How many grams of O2 are released into the environment during the production of the 5.1 grams of glucose?
To determine the amount of oxygen released during glucose production, we need to consider the chemical equation for cellular respiration. Glucose (C6H12O6) reacts with oxygen (O2) and produces carbon dioxide (CO2), water (H2O), and energy.
The balanced equation for this reaction is:
C6H12O6 + 6O2 → 6CO2 + 6H2O + Energy
From the equation, we can see that for every 1 mole of glucose consumed, 6 moles of oxygen are required.
To find the amount of oxygen released for the given mass of glucose, we need to calculate the number of moles of glucose and then use the mole ratio from the balanced equation.
The molar mass of glucose (C6H12O6) is calculated as follows:
6 carbon atoms * atomic mass of carbon (12.01 g/mol) = 72.06 g/mol
12 hydrogen atoms * atomic mass of hydrogen (1.01 g/mol) = 12.12 g/mol
6 oxygen atoms * atomic mass of oxygen (16.00 g/mol) = 96.00 g/mol
Total molar mass of glucose = 72.06 + 12.12 + 96.00 = 180.18 g/mol
Next, we can calculate the moles of glucose by dividing the given mass by the molar mass:
moles of glucose = mass of glucose / molar mass of glucose
moles of glucose = 5.1 g / 180.18 g/mol = 0.028 moles (rounded to 3 decimal places)

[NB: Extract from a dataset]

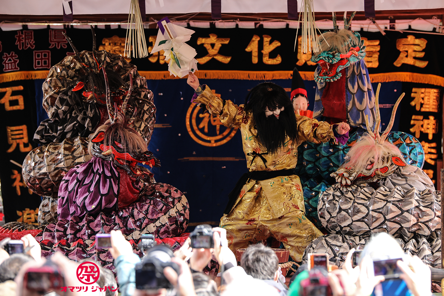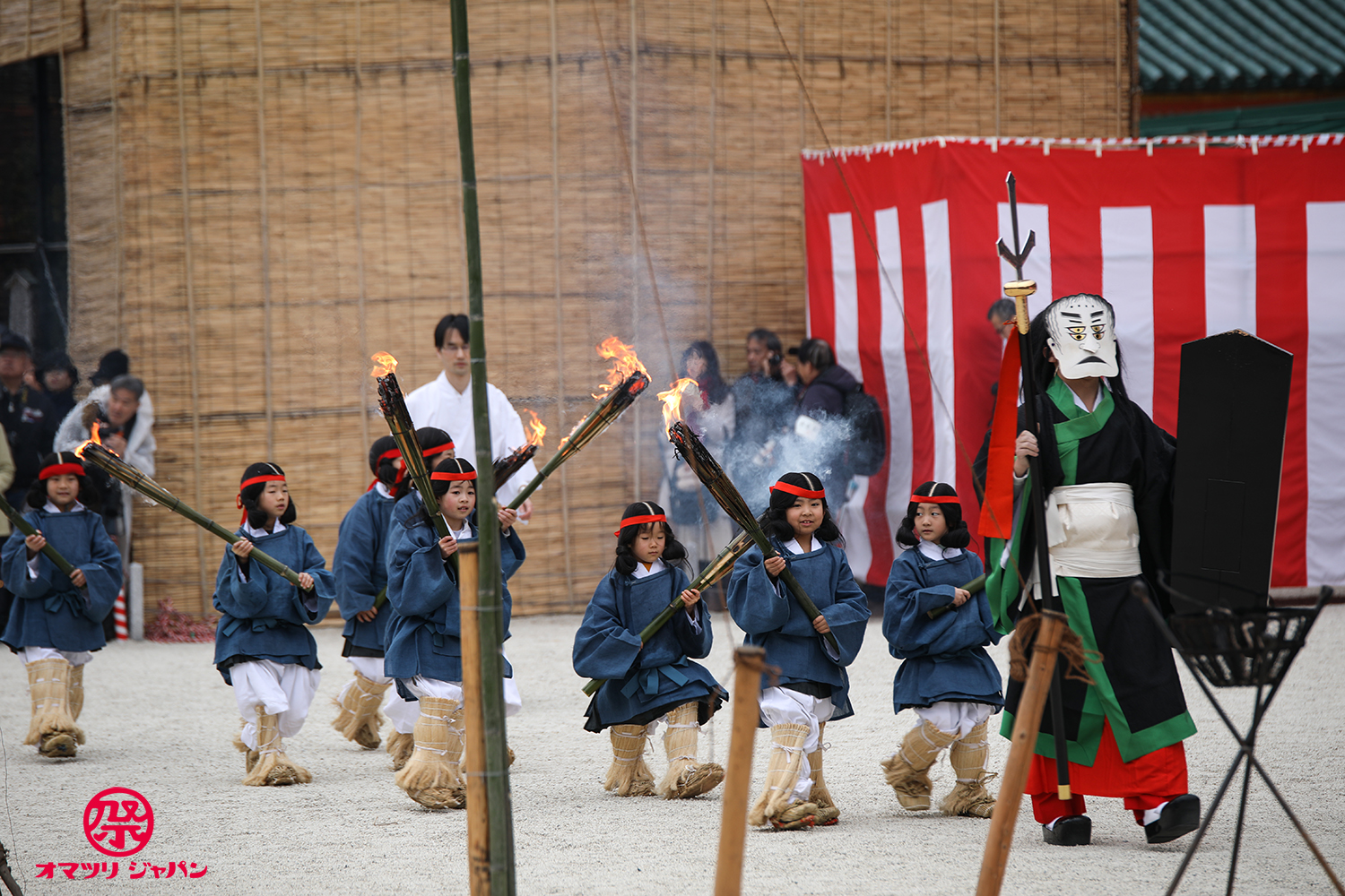 黄金の四つの目を持った方相氏(ほうそうし)が登場。最後には鬼の舞が披露されます。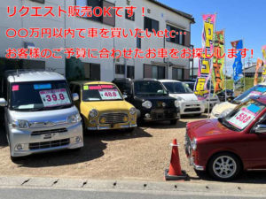 | 事業内容 | 新車・中古車販売、買取、修理、鈑金、ベビーカー・チャイルドシートクリーニング、カーコーティング、カークリーニング、タイヤ販売・交換、オイル交換、各種ケミカル商品取扱、エンジン載替、各種カスタマイズ |

Now, using the mole ratio from the balanced equation, we know that 1 mole of glucose reacts with 6 moles of oxygen.
moles of oxygen = moles of glucose * (moles of oxygen / moles of glucose)
moles of oxygen = 0.028 moles * (6 moles of oxygen / 1 mole of glucose) = 0.168 moles (rounded to 3 decimal places)
Finally, to convert moles of oxygen to grams, we multiply by the molar mass of oxygen:
mass of oxygen = moles of oxygen * molar mass of oxygen
mass of oxygen = 0.168 moles * 32.00 g/mol = 5.376 g (rounded to 3 decimal places)
Therefore, approximately 5.376 grams of O2 are released into the environment during the production of 5.1 grams of glucose.